D. Internet è una grande opportunità per unire meglio la comunità italoamericana, che è presente in tutti e 50 gli Stati. Per la NIAF il web può anche essere un fondamentale strumento per la comunicazione e la condivisione con, da e verso l’Italia. Quali sono i vostri progetti in questo senso?

R. Stiamo lavorando per migliorare la nostra presenza su Internet e sui social media: stiamo drasticamente modificando il nostro sito web, www.niaf.org. Stiamo spostando molte delle nostre risorse nella sezione dedicata ai nostri associati, perché vogliamo favorire le adesioni. L’adesione alla NIAF al livello di associato costa 50 dollari l’anno e noi pensiamo che non sia affatto alta, considerato quello che offriamo: sconti, ricerche genealogiche, viaggi, la nostra rivista e altri benefici. Ma, ancora più importante, noi pensiamo che diventando un membro della NIAF si investa nella comunità, nei nostri programmi, nelle nostre borse di studio e nel desiderio di rimanere in contatto. Per noi, quando le persone si impegnano a far parte delle nostre attività, si stanno impegnando a mantenere vivo il loro patrimonio di provenienza e di origine, ora e in futuro. Il web è un ottimo aiuto per fare questo.

D. Qui a Roma non sembrano molti coloro interessati alle molte cose importanti che i nostri connazionali che vivono all’estero rappresentano e all’aiuto – perché no, a volte anche all’esempio – che possono costituire per chi è in Italia. Da questo punto di vista, è possibile immaginare una presenza ancora più concreta della NIAF in Italia?

R. Stiamo lavorando attivamente su come la NIAF è presente in Italia a tempo pieno. Come ho detto prima, negli Stati Uniti ci sono, purtroppo, sempre meno quartieri italiani in cui tornare e quasi sentirsi a casa: così, al fine di mantenere viva la nostra precisa cultura, è in Italia che dobbiamo trovare la fonte per rinnovare la nostra italianità. In un certo senso, in un mondo globalizzato, le culture possono riunirsi dopo molte generazioni in cui sono state distanti: e siamo in grado di costruire insieme una nuova cultura globale italiana, più forte che mai.

D. Può dire forte e chiaro una volta per tutte agli italiani che ci leggono – e chi meglio di lei può farlo – che quei presunti stereotipi dei giovani italoamericani suggeriti da volgari spettacoli televisivi come Jersey Shore non sono in alcun modo rappresentativi della comunità dei giovani italoamericani? Le chiediamo una parola anche circa i personaggi mafiosi creati dal mondo della fiction …

R. Prima di tutto, spero bene che gli italiani non credano al fatto che quei personaggi siano i rappresentanti di 20 milioni di italoamericani.

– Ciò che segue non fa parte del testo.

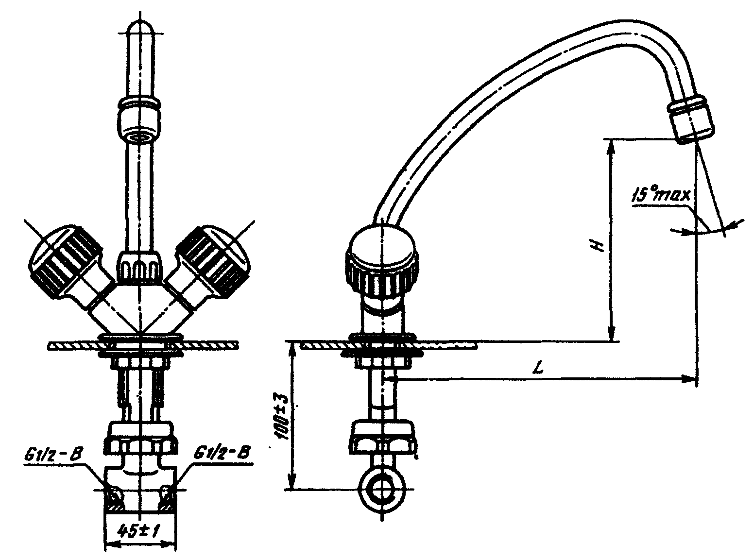3.7. Центральные смесители для умывальников, моек изготовляют с литым тройником или с гибкими трубками, предназначенными для присоединения смесителя к сетям холодной и горячей воды, основные размеры которых указаны на
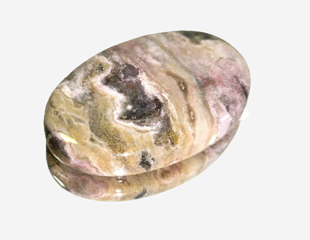 This eye-catching variety of Ocean jasper shows a swirling pattern reminiscent of angry waves of an ocean. Pink hues remind us of early morning glory. Cream and brown colors signify grounding energy. Ocean jasper cabochons offer joy, peace, emotional healing, relaxation and grounding. This unusual shaped cabochon can be used in pendants. Ocean jasper is believed to offer bring joy, peace, emotional healing and relaxation. It also encourages self-love and compassion. Due to it’s high polish, it is used as a decorative stone and as a gemstone.
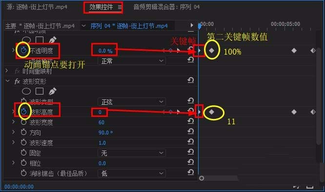 开始处,“不透明度 0”“波形变形 高度 0”,移动几秒后,“不透明度 100%”“波形变形 高度 11(自行决定)”,结尾前几秒处,“不透明度 100%”“波形变形 高度 11(自行决定)”,移动几秒(即结尾处),“不透明度 0”“波形变形 高度 0”
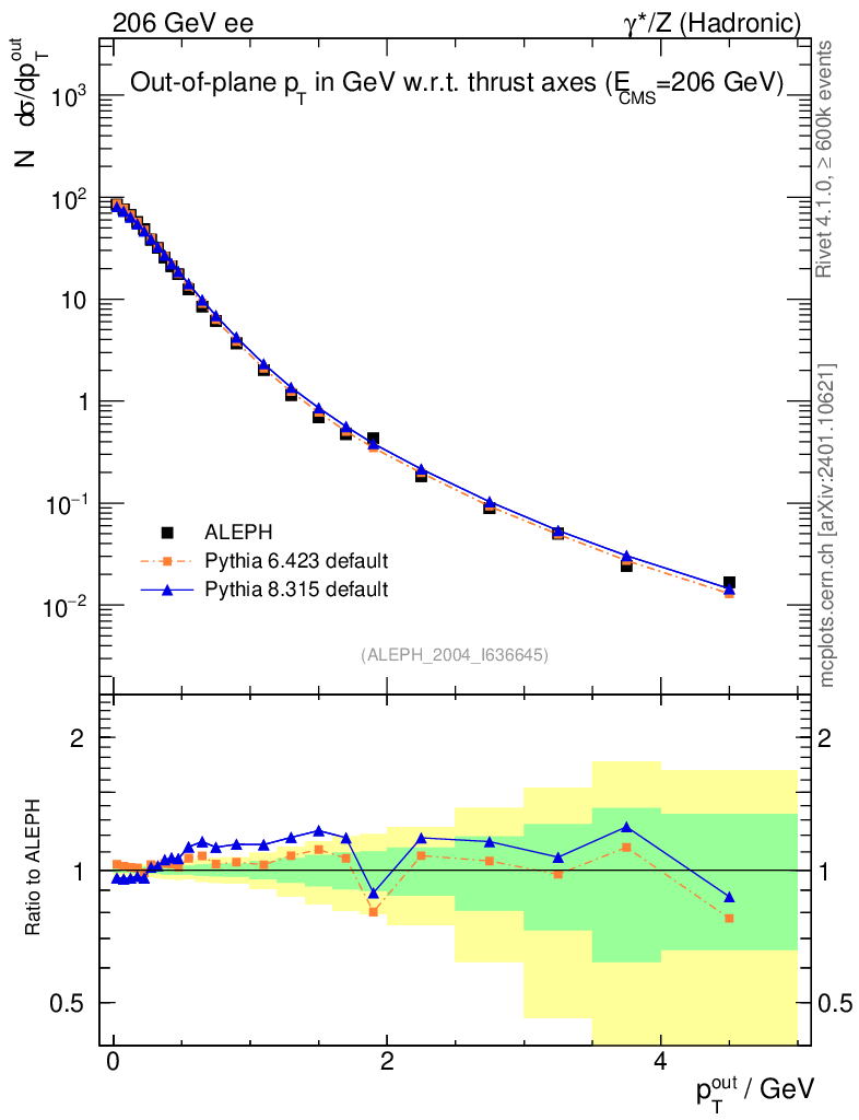 ee : γ*/Z (hadronic) : Charged Particles : pTout (Thrust)

Ogni italiano che si reca negli Stati Uniti può facilmente capire che non è affatto così. Noi siamo uno dei gruppi etnici più istruito e più economicamente di successo in questo Paese. Siamo in ogni business, in ogni campo della società, la maggior parte di noi è ormai parte della classe media o al di sopra. Gli stereotipi si basano su una frazione dell’uno per cento della nostra comunità.

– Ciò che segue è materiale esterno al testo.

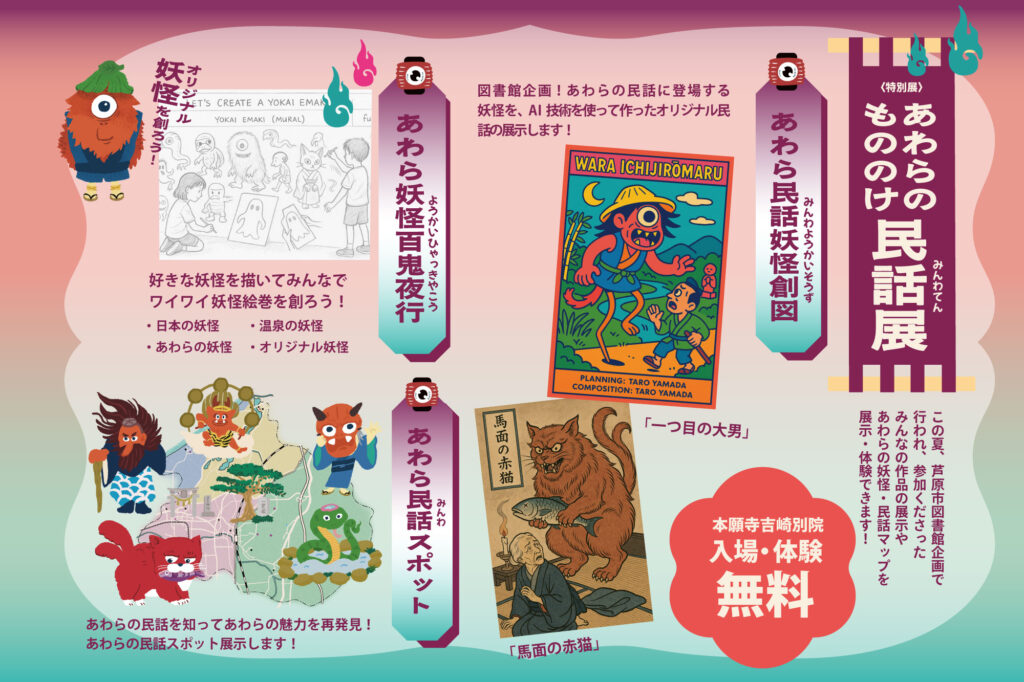 この夏、芦原市図書館企画で行われ、参加くださったみんなの作品の展示やあわらの妖怪・民話マップを展示・体験できます!

Francamente, non mi va di spendere molto tempo o risorse, durante il mio mandato, combattendo gli stereotipi. Prima di tutto, perché quando spendo soldi, guardo a questi come ai soldi della comunità. Quando qualcuno dona alla NIAF, è consapevole che noi non curiamo malattie, non stiamo risolvendo la fame nel mondo … quindi, non cercano quel tipo di risultato. Chi dona alla NIAF lo fa perché si preoccupa di quello che succede nella nostra comunità: e non mi sento di usare i loro soldi per lamentarci di quello che non siamo. Invece, credo che sia molto meglio presentare ciò che siamo. D’altronde, Jersey Shore è un goffo, stupido ritratto di un gruppo di persone: molti di loro non sono nemmeno italiani. Ma i Soprano, e i film di mafia … quella è una parte della nostra storia qui. E’ qualcosa che ha uno sfondo sociologico ben preciso: i problemi per l’unificazione dell’Italia, che portarono gravi problemi sociali al sud, nel quale ha origine l’80 % delle famiglie della nostra comunità odierna. Non possiamo far finta che non esistano queste cose. Purtroppo è diventato un genere di narrazione, più che altro una parodia, che racconta solo una parte minuscola della nostra storia qui. Ma sono sicuro di un’altra cosa: una parte del motivo per cui io posso avere una posizione così aperta e libera su queste cose sta nel fatto che la generazione che è venuta prima della mia ha lottato davvero molto per essere accettata, per abbattere barriere reali e forti. Mi ricordo che quando ci trasferimmo nei suburbs perché mio padre ebbe successo, sembrava che tutti pensassero che potevamo farlo perché eravamo mafiosi. Non fu facile: ma, allo stesso tempo, proprio poiché la generazione dei miei genitori ha lottato duramente, quando ho dovuto iscrivermi all’università da italiano non ho trovato alcuna barriera. Ho visto i miei nonni e i miei genitori combattere per questo, e sono davvero grato per quello che hanno fatto loro e le loro generazioni: staremmo ancora combattendo quella battaglia, se non fosse stato per loro.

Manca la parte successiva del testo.